Think about the idea of feeling pride for the accomplishments of others within the imaginary lines of your country. Doesn't it strike you as strange?


----------



## Sukerkin (Sep 27, 2013)

Go away; I do not wish to buy what you are selling.  Because I am British and believe in fair play, I give you the opportunity to leave this thread peacefully and come back when you have something good to say about the role of the British in the complete creation from whole cloth of the modern world.


----------



## K-man (Sep 27, 2013)

Sukerkin said:


> Go away; I do not wish to buy what you are selling.  Because I am British and believe in fair play, I give you the opportunity to leave this thread peacefully and come back when you have something good to say about the role of the British in the complete creation from whole cloth of the modern world.
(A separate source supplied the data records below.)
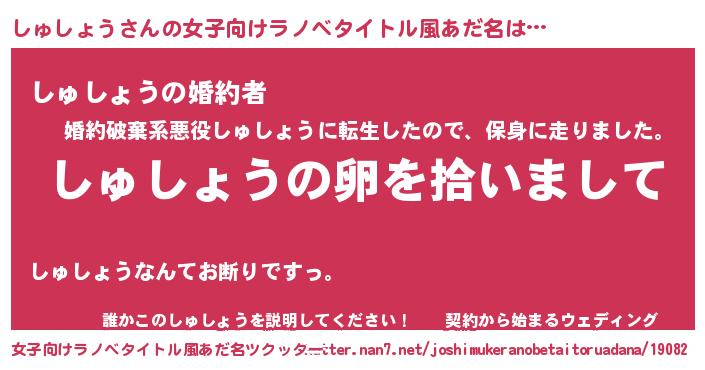 | 男性向けラノベタイトル風あだ名 | 『しゅしょうの嫁は女の子じゃないと思った?』 |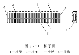 Cotton grid is composed of beams and bars.As shown in Figure 8-31. The cross beams are two 25mm wide flat steels with equidistant holes drilled on them. The diameter of the holes is determined according to the thickness of the steel wire. The steel wires are inserted into the cross beam holes and riveted tightly to prevent the bars from loosening and are evenly arranged on the two cross beams. The clear distance between the grids should be larger than the cotton waist diameter, generally around 7.5mm. There are two flat steels on the grid surface, which are push board runways (or skateboards). Thin steel plate hanging feet are installed at both ends of the cotton grid. There are rectangular holes on the hanging feet to adjust the position of the cotton grid and be fixed on the rack wall plate with screws.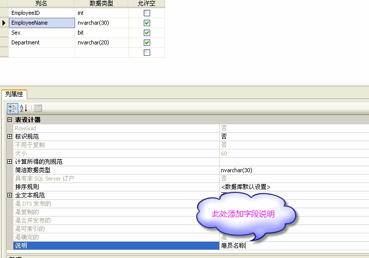当然你也可以用脚本命令添加数据库表的字段说明 EXEC sp_addextendedproperty N'MS_Description', N'雇员名称', 'SCHEMA', N'dbo', 'TABLE', N'Employee', 'COLUMN', N'EmployeeName' 如果已经存在刚才记录,你再执行上面这段脚本,就会提示: 消息 15233,级别 16,状态 1,过程 sp_addextendedproperty,第 38 行 无法添加属性。'dbo.Employee.EmployeeName' 已存在属性 'MS_Description'。 下面看看工具生成的文档,工具生成这些信息肯定是数据库里存有对象的这些信息,下面我们来看看这些信息都是从何而来吧 ![]() 这里先列举一些保存表信息的系统表、视图吧,可能有些遗漏了,实在太多了,要仔细把这些全部列举出来还得花费一番功夫 代码 SELECT * FROM sys.columns --为每个表和视图中的每列返回一行,并为数据库中的存储过程的每个参数返回一行。 SELECT * FROM syscolumns --每个表对象的信息 SELECT * FROM sys.tables SELECT * FROM sysobjects --在数据库中创建的每个用户定义的架构范围内的对象的信息 SELECT * FROM sys.objects --数据库实例中的每个数据库的信息 SELECT * FROM sys.databases --系统数据类型 SELECT * FROM sys.types --含数据库中每个视图、规则、默认值、触发器、CHECK 约束、DEFAULT 约束和存储过程的项 SELECT * FROM dbo.syscomments --保存表的自增列信息 SELECT * FROM sys.identity_columns 下面来看看属性那栏的信息保存在那些表里面。如果表是数据库的默认排序规则,就可以用下面脚本。 代码 SELECT create_date AS Created , modify_date AS Last Modified, ( SELECT collation_name FROM sys.databases WHERE name = 'MyAssistant' ) AS collation_name FROM SYS.tables WHERE NAME = 'Employee' 如果用某个列的排序规则可用下面的脚本 代码 SELECT create_date AS Created, modify_date AS Last Modified, ( SELECT DISTINCT collation FROM syscolumns WHERE id = OBJECT_ID(N'dbo.Employee') AND collation IS NOT NULL AND name ='EmployeeName' ) AS collation_name FROM sys.tables WHERE NAME = 'Employee' 查看数据库的排序规则可以从 sys.databases查看,而表的某个列的排序规则信息保存在syscolumns里面。上图的Heap, Row Count信息我还不知是从哪里来的。 接下来看看Cloumns信息吧 代码 SELECT C.Name AS FieldName, T.Name AS DataType, CASE WHEN C.Max_Length = -1 THEN 'Max' ELSE CAST(C.Max_Length AS VARCHAR) END AS Max_Length, CASE WHEN C.is_nullable = 0 THEN '×' ELSE '√' END AS Is_Nullable, C.is_identity, ISNULL(M.text, '') AS DefaultValue, ISNULL(P.value, '') AS FieldComment FROM sys.columns C INNER JOIN sys.types T ON C.system_type_id = T.user_type_id LEFT JOIN dbo.syscomments M ON M.id = C.default_object_id LEFT JOIN sys.extended_properties P ON P.major_id = C.object_id AND C.column_id = P.minor_id WHERE C.[object_id] = OBJECT_ID('dbo.Employee') ORDER BY C.Column_Id ASC 如图所示,得到结果与文档还是有些区别,我通过该脚本实现与文档一致的时候,怎么也找不到nvarchar(30)的30,这个值的出处,后来才发现它其实就是nvarchar的max_length 的一半。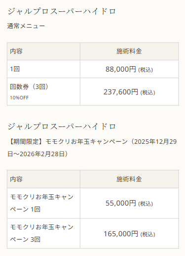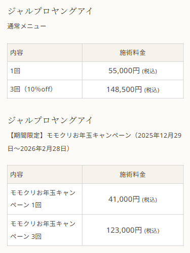 | 注入間隔 | ジャルプロスーパーハイドロ:1カ月に1回を3回 ジャルプロヤングアイ:2週間に1回を3回 |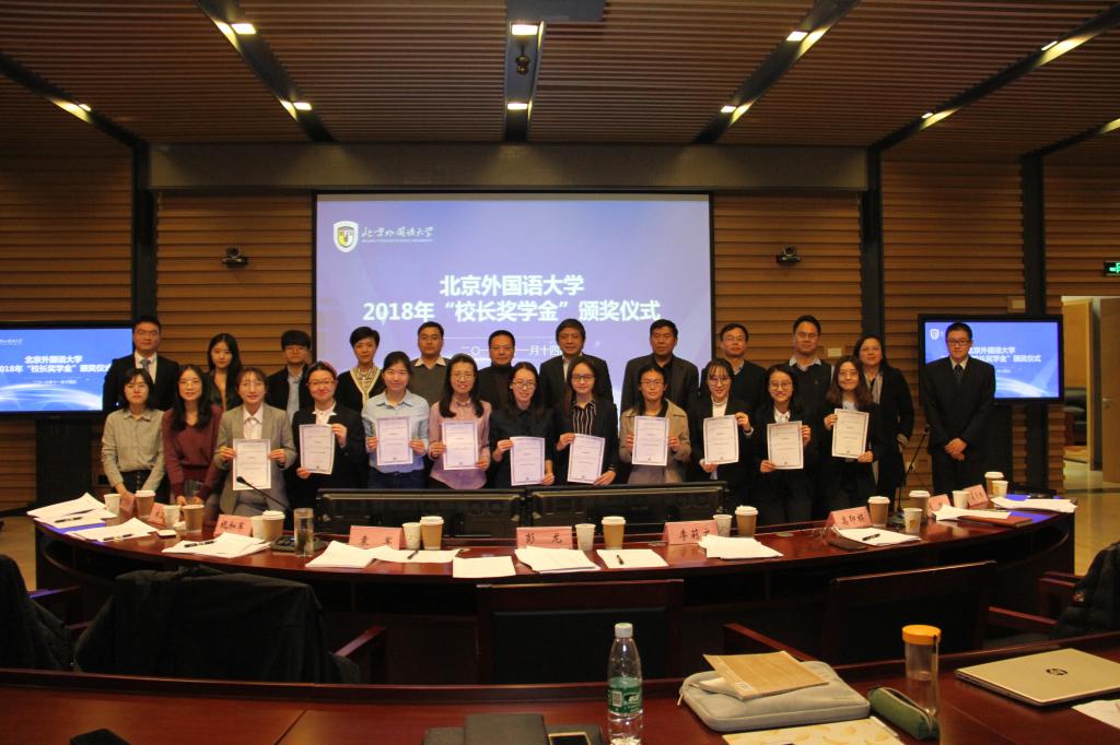 11月14日下午,北京外国语大学2018年“董事长奖学金”评选会在图书馆报告厅举行。董事长彭龙、副董事长袁军、相关职能部门负责人和教师、员工代表参加评选会。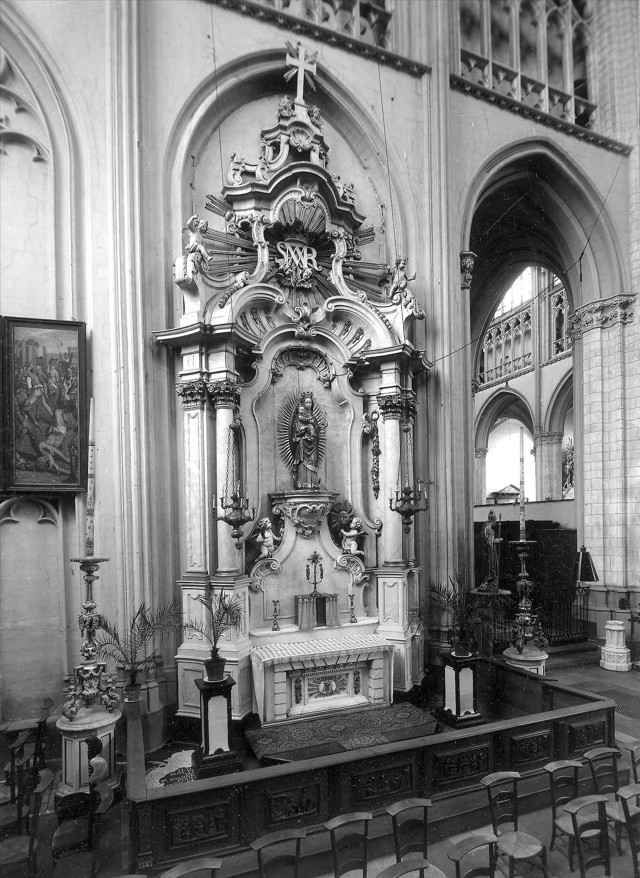 De foto van rond 1942, afkomstig uit het archief van het KIK, toont het altaar nog op zijn vroegere plek in de noordelijke dwarsbeuk. Tijdens de grote interieurrestauratie in de jaren 1960 werd het 18de-eeuwse pronkstuk verplaatst naar zijn huidige, prominente locatie.

Hey, hang on *Suk*! I'm on your side. I appreciate what the Poms have done. I mean, they produced all of my great, great grandparents for a start! 
But for me, the greatest contribution has nothing to do with science. It is the Westminster system of Government. Something our American friends have totally ignored.
:asian:


----------



## Makalakumu (Sep 27, 2013)

"Nationalism is an infantile disease.  It is the measles of mankind." Albert Einstein.



Sukerkin said:


> Go away; I do not wish to buy what you are selling.  Because I am British and believe in fair play, I give you the opportunity to leave this thread peacefully and come back when you have something good to say about the role of the British in the complete creation from whole cloth of the modern world.



This seems like an extreme reaction to a line of inquiry don't you think?  The idea that we can take nationalistic pride in the accomplishments of other people who happen to belong to our irrational groups is something that many scientists have explicitly challenged.  These scientists recognize that their contributions benefit the totality of the human pool of knowledge are not bragging rights for politicians or other people who would like to boost their particular flavor of irrational group over an other.

In the end, you were born a human...as are we all.  Science is for all of us, not flags that some of us worship.


----------



## arnisador (Sep 27, 2013)

Archimedes, Newton, Gauss: The 3 great mathematicians, and from all over Europe!


----------



## ballen0351 (Sep 27, 2013)

And again Kate Upton for the win


----------



## Makalakumu (Sep 27, 2013)

arnisador said:


> Archimedes, Newton, Gauss: The 3 great mathematicians, and from all over Europe!



All humans if I'm not mistaken.


----------



## ballen0351 (Sep 27, 2013)

Makalakumu said:


> All humans if I'm not mistaken.


Yes we know you live in fantasy land with no rules, or borders, where kids cant be forced to do chores, and everyone should be free to smoke as much crack as they want, and there is no need for violence, or laws, or courts, or the Constitution however the rest of us live in reality land and are having a nice thread here and Im still winning Kate Upton beats science any day of the week


----------



## arnisador (Sep 27, 2013)

Can we bring this discussion back to math.?


----------



## ballen0351 (Sep 27, 2013)

arnisador said:


> Can we bring this discussion back to math.?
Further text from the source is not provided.